„Es gibt auch ein Recht auf Exklusion"


#Nachgefragt. Inklusion gehört zu unserem kirchlichen Auftrag, ist doch jeder Mensch - unabhängig von seinen Begabungen, Handicaps, Hautfarbe etc. - nach biblischem Verständnis als Gottes Ebenbild geschaffen. Zum Thema „Inklusion“ haben wir eine kleine Interviewreihe gestartet. Den Anfang macht Gilbert Krüger, Inklusionsbeauftragter des Kirchenkreises Herne. Gilbert Krüger ist 35 Jahre alt, arbeitet im Pflegedienst und ist verantwortlich für den Bereich „Persönliche Assistenz“. Seit März 2021 ist er in Iserlohn beim Gemeinschaftsdienst Kinder, Jugend und Familie e. V. tätig - ein großer Träger der Jugend- und Eingliederungshilfe. Laut- und Leise-Gottesdienst, Inklusiver Gottesdienst, Bibelkreis „Gott und die Welt“ für Menschen mit so genannter geistiger Behinderung, inklusiver Sinnespark, der nach Corona starten wird, sind einige Beispiele seiner Arbeit, die über den Innovationsfond „TeamGeist“ der Evangelischen Kirche von Westfalen mit rund 32000 Euro honoriert wurde. Gilbert Krüger sitzt selbst im Rollstuhl. Infantile Cerebralparese lautet seine Diagnose. Dabei handelt es sich frühkindliche Schädigung des Bewegungszentrums im Gehirn aufgrund einer Sauerstoffunterversorgung.
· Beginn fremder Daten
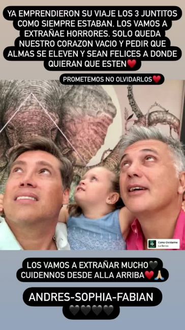 La actriz grabó unos videos para sus historias de Instagram y narró: "Nos acaban de confirmar que apareció el cuerpo de Fabián. Le pedimos mucho respeto por los tres. Gracias a Dios están juntitos y deseamos que sus almas se eleven y que pasen a una vida mejor. Los vamos a extrañar mucho". Además, en su posteo Morena le envió todo su apoyo a su amiga Jackie, quien en las redes la presentó como su "mami". "Sabes que te quiero mucho y aunque esté en la Argentina, estoy allá con vos".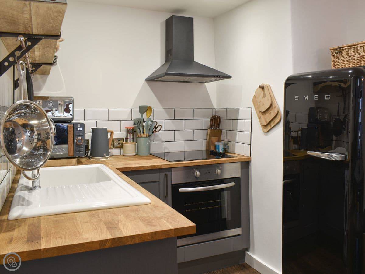 It sleeps four, with two bedrooms and one bathroom. It’s got a 4 Star rating. It was refurbished a few years ago, so the kitchen and bathroom are in good order. It’s furnished with some older pieces and paintings, so it feels like a proper place, not a blank box.

UNSERE KIRCHE: Herr Krüger, wie sind Sie zum (christlichen) Glauben gekommen?
Es waren viele Menschen. Schon in meinem Elternhaus spielte der Glaube eine große Rolle, es ging nach dem Konfirmandenunterricht mit einer fast typischen Laufbahn in der Jugendarbeit weiter, wo der damalige Gemeindepfarrer mich geprägt hat. Dann war es mein Religionslehrer, den ich seit vielen Jahren zu meinen Freunden zähle. Es folgte mein Kollege in meiner ersten Arbeitsstelle und nun ist ein Beispiel meine beste Freundin.
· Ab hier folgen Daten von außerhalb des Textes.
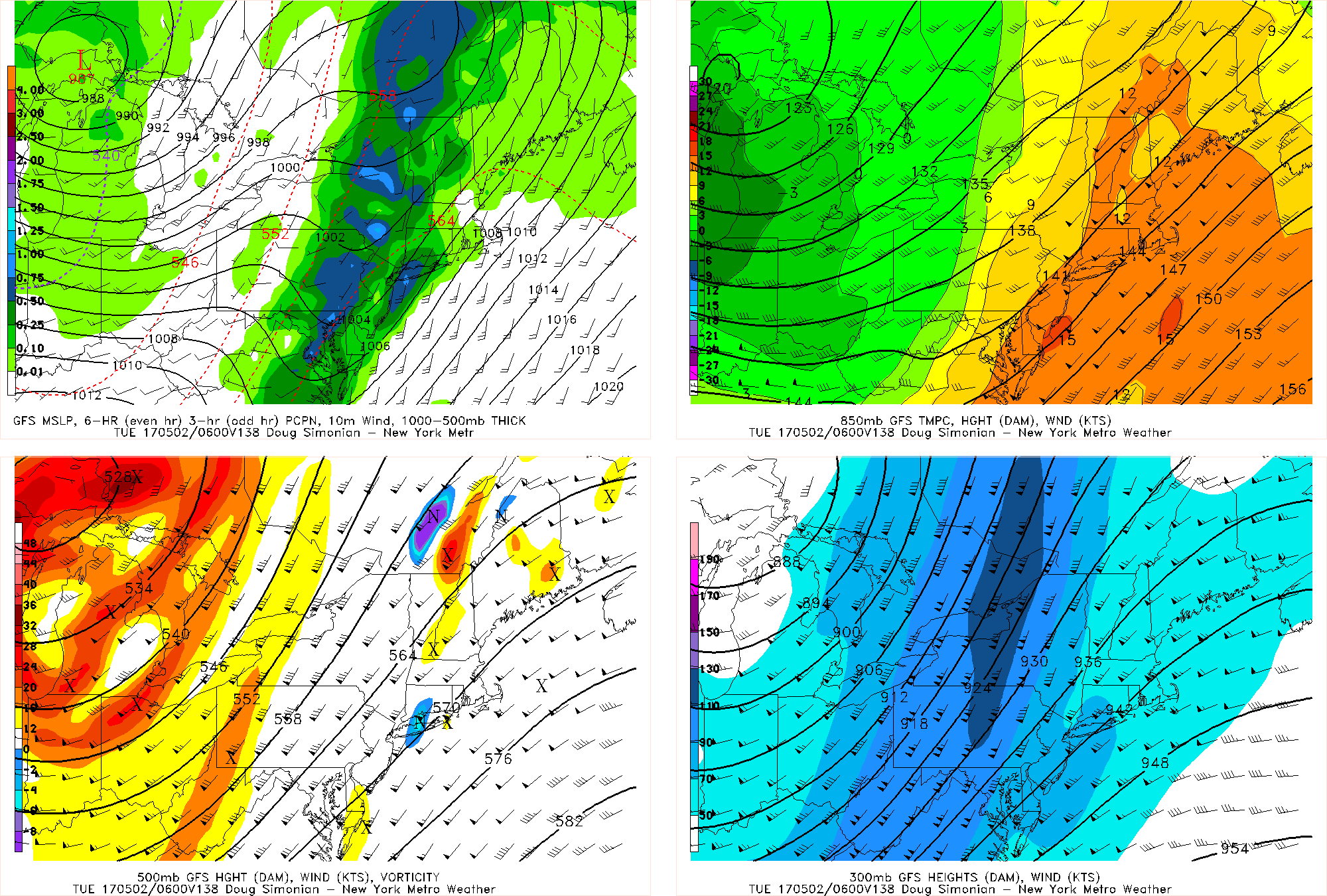 The cutoff low had brought a lot of east to west mid-level flow, too, which led to a relatively saturated column all-around. But with the big ridge out ahead of the storm in the Great Lakes trying to bring southerly flow aloft, but the remnants of the cutoff low still providing enough of a kink to the heights to flatten the ridge at our longitude, this will result in westerly flow aloft. This has a drier component, which should finally help bring sunshine to the area by Thursday afternoon. Combined with the very warm temperatures aloft (look at the 850mb temperatures on the top right panel), we could have easily hit the 70s and 80s. But there is still just enough lingering onshore flow at the immediate surface (check top left panel), as well as still weak wind flow aloft so that the marine layer will not completely be able to escape, and temperatures will thus be held back a bit from their potential since mixing will not be able to occur. Thus, we generally expect high temperatures in the upper 60s to low 70s, with cooler readings along the immediate shores.

UK: Gibt es eine Bibelstelle, die Ihnen etwas bedeutet?
Krüger: Mein Tauf- und Konfirmationsspruch ist auch unser Familienspruch.
Fürchte dich nicht, ich bin mit dir; weiche nicht, denn ich bin dein Gott. Ich stärke dich, ich helfe dir auch, ich halte dich durch die rechte Hand meiner Gerechtigkeit. Jesaja 41, 10

UK: Haben Sie manchmal, wenn Sie mit Behinderung konfrontiert werden, Zweifel im Glauben (gehabt)?
Krüger: Die so genannte Theodizee-Frage – die Frage nach dem Leid – beschäftigt alle Menschen mehr oder weniger. Als Mensch mit Behinderung bin ich häufiger mit dieser Frage konfrontiert und bekomme manchmal Zweifel. Aber nur durch Zweifel, kommt man zum Staunen.
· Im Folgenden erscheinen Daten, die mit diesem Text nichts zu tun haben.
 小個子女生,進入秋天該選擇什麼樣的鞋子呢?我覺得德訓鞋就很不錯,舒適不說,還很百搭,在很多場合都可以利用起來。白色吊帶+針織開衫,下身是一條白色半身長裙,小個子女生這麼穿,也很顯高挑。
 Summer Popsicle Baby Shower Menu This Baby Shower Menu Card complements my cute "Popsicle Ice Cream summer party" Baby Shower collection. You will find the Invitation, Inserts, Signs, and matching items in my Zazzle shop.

UK: Wie bewerten Sie den Zusammenhang von Sünde und Krankheit/ Behinderung?
Krüger: Dass Gottesbild, wo Krankheit und Behinderung Strafen sind, teile ich nicht. Sünde bedeutet jedoch ein Entfernt sein von Gott und mich ihm nah fühlen und mich gesund fühlen sind nah beieinander.

UK: Welche Barrieren erleben Sie und wie gehen Sie damit um?
Krüger: Da ich im Rollstuhl sitze, sind es oft Barrieren, wie Treppenstufen oder hohe Kanten. Manchmal ist es die Trägheit der Herzen, die Menschen unachtsam macht und häufig sind es Vorurteile von Menschen.

UK: Haben Sie durch Ihren Glauben einen anderen Blick auf Inklusion?
Krüger: Inklusion schenkt uns die Chance, an die eigene Haltung als Christenmenschen erinnert zu werden, denn Nichts, ist so inkludierend, wie das christliche Menschenbild.

UK: Ist Ihre Arbeit wirklich inklusiv oder machen Sie nicht doch nur Behindertenarbeit?
Krüger: Behindertenarbeit und Inklusion schließen sich nicht aus. Man kann das eine tun und das andere nicht lassen. Ein Problem ist auch, dass an unsere Arbeit häufig der Anspruch erhoben wird, inklusiv zu sein. Aber es gibt auch ein Recht auf Exklusion. Bei der Frauenhilfe fragt man nicht, weshalb die nur für Frauen ist oder bei einem Jugendgottesdienst nicht, weshalb er exklusiv für Jugendliche ist, doch alles für Menschen mit Behinderung soll inklusiv sein – warum?